Vienna had been home to the composers Haydn, Mozart, Beethoven, Schubert, Brahms, and Johann Strauss, creators of many of the greatest works of classical tonality. Always interested in the study and teaching of their works, Schoenberg was intent on understanding and imparting just how their music worked. Like many of his generation, he was overwhelmed by the sorcery of the Richard Wagner of the operas
Tristan and Isolde
and
Parsifal.
Wagner’s music in these works is highly chromatic, using chords that slip away from each other in a rich, harmonically liberated idiom. Wagnerian chromaticism provided a jumping-off place for Schoenberg’s musical explorations. He sought a musical language that would impart extreme emotional states. Mahler’s compositions also investigated similar feelings, but his sense of nature, love, death and resurrection were more lyrical than the younger Schoenberg’s. However, although posterity has claimed Mahler as a greater composer, Schoenberg’s tough brand of musical expressionism has had more lasting influence (at least in the short term).

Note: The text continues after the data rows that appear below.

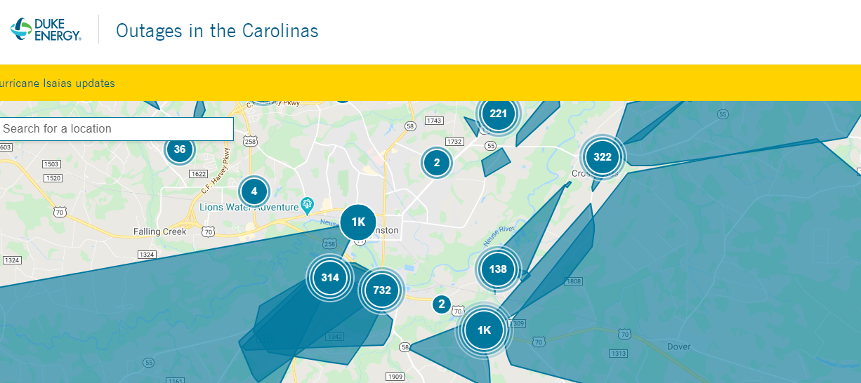 “We’ve monitored outages and system health overnight from the significant impacts of Isaias. We currently have nearly 200,000 customers without power in the Carolinas. In Lenoir County we currently have approximately 4,201 reported customer outages,” said Millie Chalk, Government and Community Relations Manager for Lenoir County in the Duke Energy update for Lenoir County.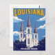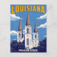 Capture the historic charm of the Pelican State with this striking, vintage-style travel postcard. The design features an illustration of a beautiful, iconic cathedral, likely the St. Louis Cathedral in New Orleans, set against a bright blue sky with wispy clouds. The bold, retro lettering declares "LOUISIANA" and the state nickname. Perfect for travel enthusiasts, architecture lovers, or sending a unique greeting from your New Orleans trip. This design has the look and feel of a classic mid-century travel poster.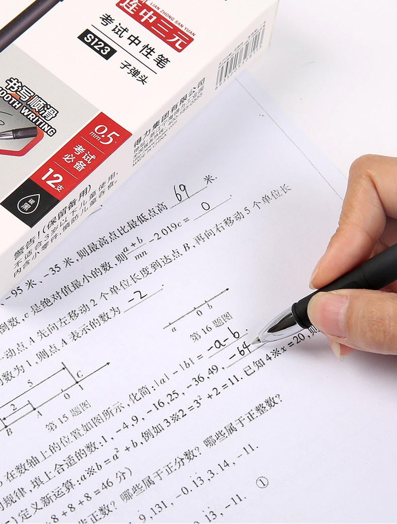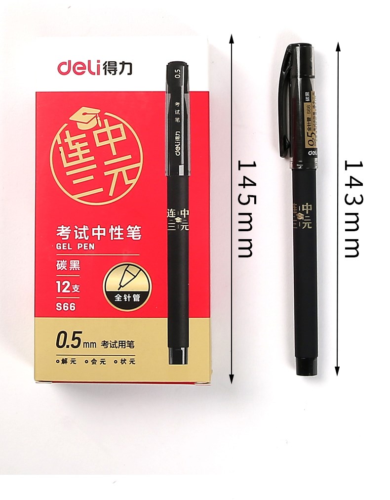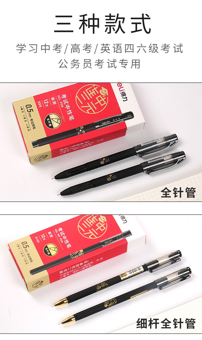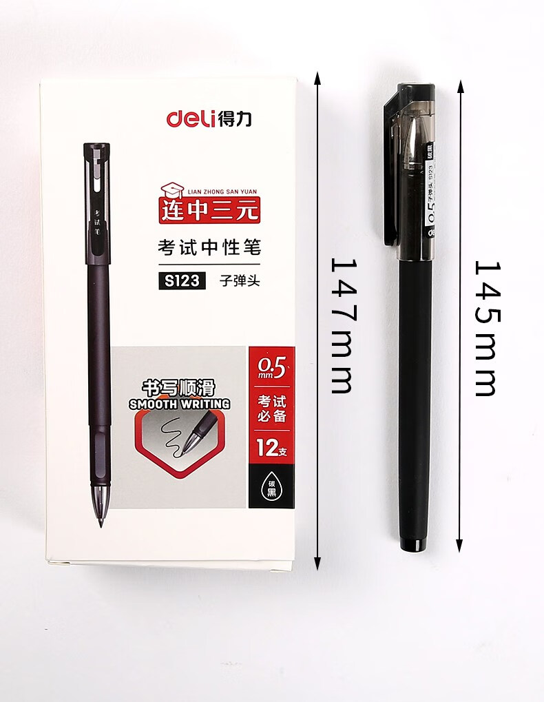 ¥24.25得力按動中性筆頭0.5mm學生用考試辦公商務專用彈簧碳素自動水筆圓珠簽字按動式按壓筆 按動黑筆52件套(12支筆+40支筆芯)

The breakdown of classical tonality mirrored a corresponding breakdown of society. Listeners could find their way in works of the past. It was most often easy to understand, even on a superficial level, what the classic composers were saying. Beethoven’s musical language was not far from common folk song; his expressions were a recognizable part of his culture. Schoenberg’s music, on the other hand, seemed to most of his contemporaries separate and apart. Today’s audience can recognize that he was putting into music the innermost feelings of his age; he was in essence recreating in sounds the tormented pulsing of a world about to go insane. Schoenberg’s music to this day is disturbing and has not achieved popular success. It is as if he exposed in music a side of us we want to ignore. We hate him for writing with so much pain.